GU Monocerotis: A high-mass eclipsing overcontact binary in the young open cluster Dolidze 25

Context. The eclipsing binary GU Mon is located in the star-forming cluster Dolidze 25, which has the lowest metallicity measured in a Milky Way young cluster. Aims. GU Mon has been identified as a short-period eclipsing binary with two early B-type components. We set out to derive its orbital and stellar parameters. Methods. We present a comprehensive analysis, including B and V light curves and 11 high-resolution spectra, to verify the orbital period and determine parameters. We used the stellar atmosphere code FASTWIND to obtain stellar parameters and create templates for cross-correlation.

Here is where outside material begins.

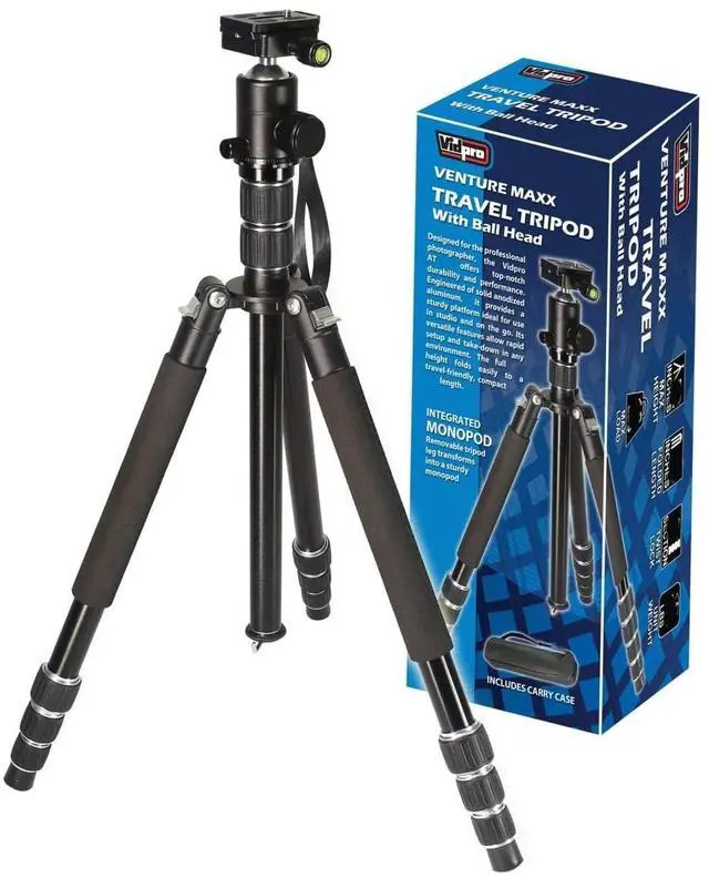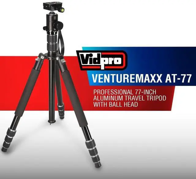 ^^ High-Quality Design: Offering top-notch durability and performance, the Vidpro VentureMaxx AT-77 Professional 77-Inch Travel Tripod is engineered of solid anodized aluminum to provide a sturdy platform whether youre using it in the studio or on the go.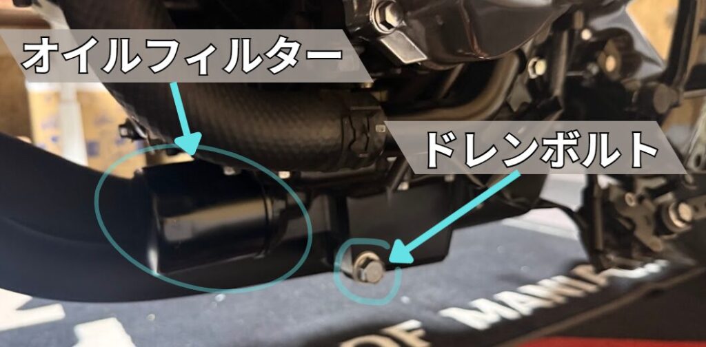 オイルフィルターの交換をしない方は15分ほどオイルが抜けるのを待って、こちらの工程へ→ドレンボルトを締める まで飛びます

We obtained a model to fit the light and radial-velocity curves using the Wilson-Devinney code iteratively and simultaneously. Results. The two components of GU Mon are identical stars of spectral type B1 V with the same mass and temperature. The light curves are typical of an EW-type binary. The spectroscopic and photometric analyses agree on a period of 0.896640 ± 0.000007 d. We determine a mass of 9.0 ± 0.6 M⊙ for each component and for temperatures of 28 000 ± 2000 K. Both values are consistent with the spectral type. The two stars are overfilling their respective Roche lobes, sharing a common envelope and, therefore the orbit is synchronised and circularised. Conclusions. The GU Mon system has a fill-out factor above 0.8, containing two dwarf B-type stars on the main sequence. The two stars are in a very advanced stage of interaction, with their extreme physical similarity likely due to the common envelope. The expected evolution of such a system very probably leads to a merger while still on the main sequence.